The following is a list of supported LLMs:

- [liuhaotian/llava-v1.5-7b](https://huggingface.co/liuhaotian/llava-v1.5-7b)
- [liuhaotian/llava-v1.6-vicuna-7b](https://huggingface.co/liuhaotian/llava-v1.6-vicuna-7b)
- [meta-llama/Meta-Llama-3-8B](https://huggingface.co/meta-llama/Meta-Llama-3-8B)
- [meta-llama/Meta-Llama-3-8B-Instruct](https://huggingface.co/meta-llama/Meta-Llama-3-8B-Instruct)
- [meta-llama/Llama-3.1-8B](https://huggingface.co/meta-llama/Llama-3.1-8B)
- [meta-llama/Llama-3.1-8B-Instruct](https://huggingface.co/meta-llama/Llama-3.1-8B-Instruct)
- [mistralai/Mistral-7B-v0.3](https://huggingface.co/mistralai/Mistral-7B-v0.3)

# BibTeX

```
@InProceedings{lin2024elements,
  title={From Elements to Design: A Layered Approach for Automatic Graphic Design Composition},
  author={Lin, Jiawei and Sun, Shizhao and Huang, Danqing and Liu, Ting and Li, Ji and Bian, Jiang},
  booktitle={CVPR},
  year={2025}
}
```

## Acknowledgments

We would like to express our gratitude to [CanvasVAE](https://huggingface.co/datasets/cyberagent/crello) for providing the dataset, [OpenCole](https://github.com/CyberAgentAILab/OpenCOLE) for the rendering code, and [LLaVA](https://github.com/haotian-liu/LLaVA) for the codebase. 
We deeply appreciate all the incredible work that made this project possible.

## Contributing

This project welcomes contributions and suggestions.  Most contributions require you to agree to a
Contributor License Agreement (CLA) declaring that you have the right to, and actually do, grant us
the rights to use your contribution. For details, visit https://cla.opensource.microsoft.com.

When you submit a pull request, a CLA bot will automatically determine whether you need to provide
a CLA and decorate the PR appropriately (e.g., status check, comment). Simply follow the instructions
provided by the bot. You will only need to do this once across all repos using our CLA.
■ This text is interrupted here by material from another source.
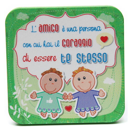 Schönes Bild aus Holz, verpackt in einer Jutetasche und bereit zum verschenken oder als Gabe für Gäste.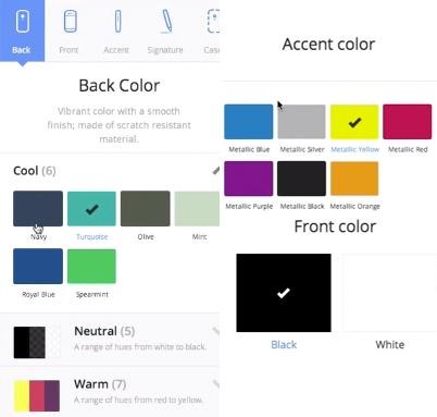 After that there's a choice of 2 different front colors – black or white. Next are accent colors, this including a range of 7 metallic tones: blue, silver, yellow, red, purple, black, or orange.

This project has adopted the [Microsoft Open Source Code of Conduct](https://opensource.microsoft.com/codeofconduct/).
For more information see the [Code of Conduct FAQ](https://opensource.microsoft.com/codeofconduct/faq/) or
contact [opencode@microsoft.com](mailto:opencode@microsoft.com) with any additional questions or comments.

## Trademarks

This project may contain trademarks or logos for projects, products, or services. Authorized use of Microsoft 
trademarks or logos is subject to and must follow 
[Microsoft's Trademark & Brand Guidelines](https://www.microsoft.com/en-us/legal/intellectualproperty/trademarks/usage/general).
Use of Microsoft trademarks or logos in modified versions of this project must not cause confusion or imply Microsoft sponsorship.
Any use of third-party trademarks or logos are subject to those third-party's policies.